**Required work**
What you return must be the full listing, word for word, with no images in it.

**Data provided**
● ● ● ● ● ● ●

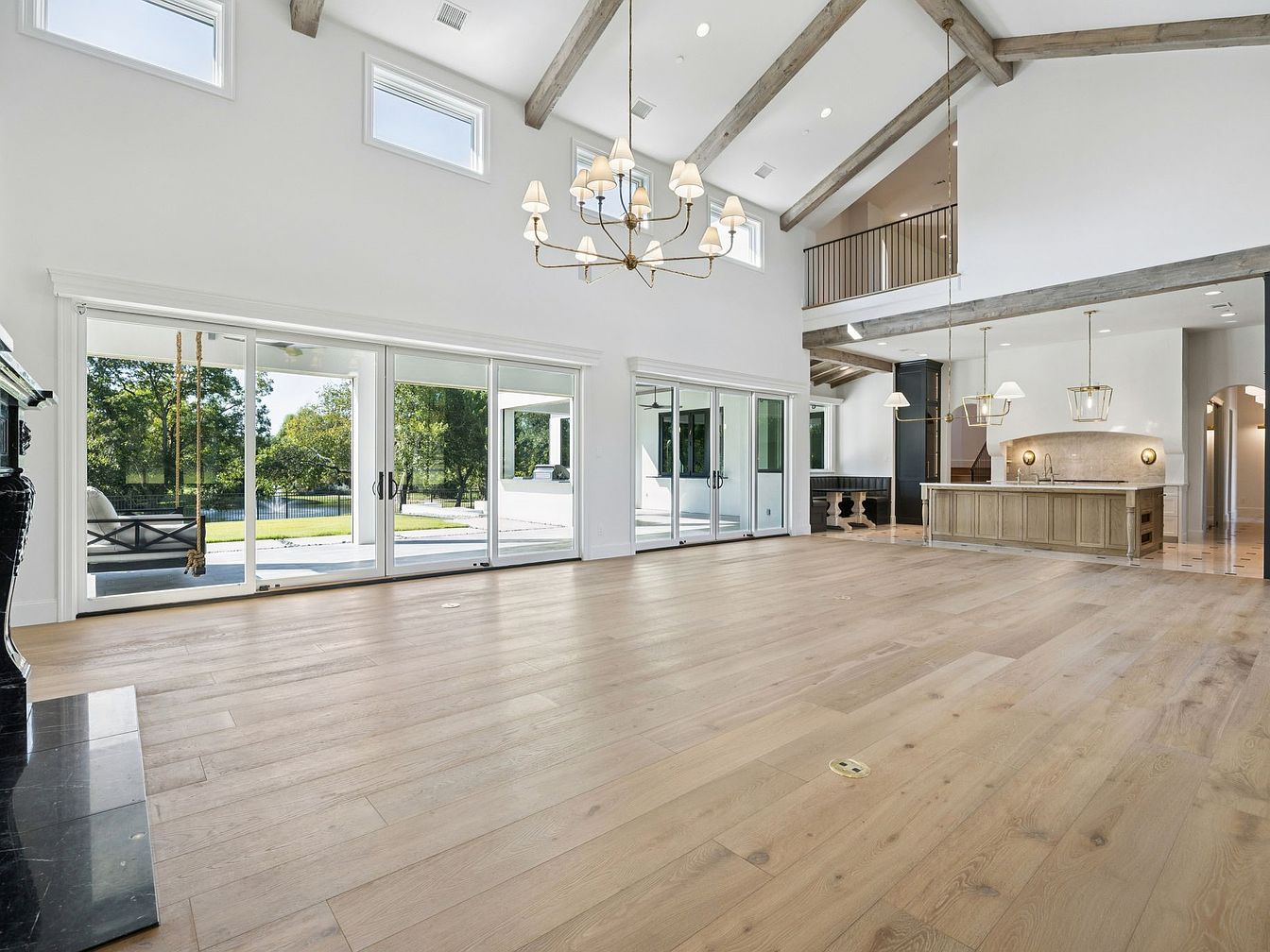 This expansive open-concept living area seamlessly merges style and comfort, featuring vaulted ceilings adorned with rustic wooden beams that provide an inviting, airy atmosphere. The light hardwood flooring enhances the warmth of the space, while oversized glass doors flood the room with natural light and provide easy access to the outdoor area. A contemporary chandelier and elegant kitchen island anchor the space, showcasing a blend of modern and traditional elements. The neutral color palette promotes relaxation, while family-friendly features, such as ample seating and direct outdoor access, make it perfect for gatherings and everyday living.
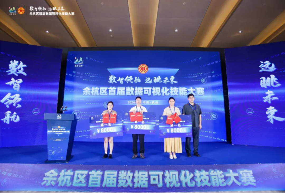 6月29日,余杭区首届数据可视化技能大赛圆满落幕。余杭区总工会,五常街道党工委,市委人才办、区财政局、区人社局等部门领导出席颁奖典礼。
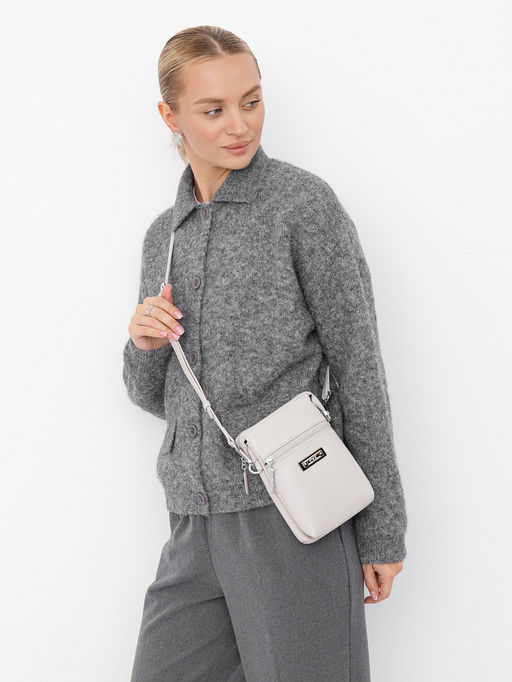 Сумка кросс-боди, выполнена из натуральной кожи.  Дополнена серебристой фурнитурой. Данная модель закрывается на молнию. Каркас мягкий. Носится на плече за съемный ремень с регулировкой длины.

● ● ● ● ● ● ●

**Response to this exercise**
 This expansive open-concept living area seamlessly merges style and comfort, featuring vaulted ceilings adorned with rustic wooden beams that provide an inviting, airy atmosphere. The light hardwood flooring enhances the warmth of the space, while oversized glass doors flood the room with natural light and provide easy access to the outdoor area. A contemporary chandelier and elegant kitchen island anchor the space, showcasing a blend of modern and traditional elements. The neutral color palette promotes relaxation, while family-friendly features, such as ample seating and direct outdoor access, make it perfect for gatherings and everyday living.
 6月29日,余杭区首届数据可视化技能大赛圆满落幕。余杭区总工会,五常街道党工委,市委人才办、区财政局、区人社局等部门领导出席颁奖典礼。
 Сумка кросс-боди, выполнена из натуральной кожи.  Дополнена серебристой фурнитурой. Данная модель закрывается на молнию. Каркас мягкий. Носится на плече за съемный ремень с регулировкой длины.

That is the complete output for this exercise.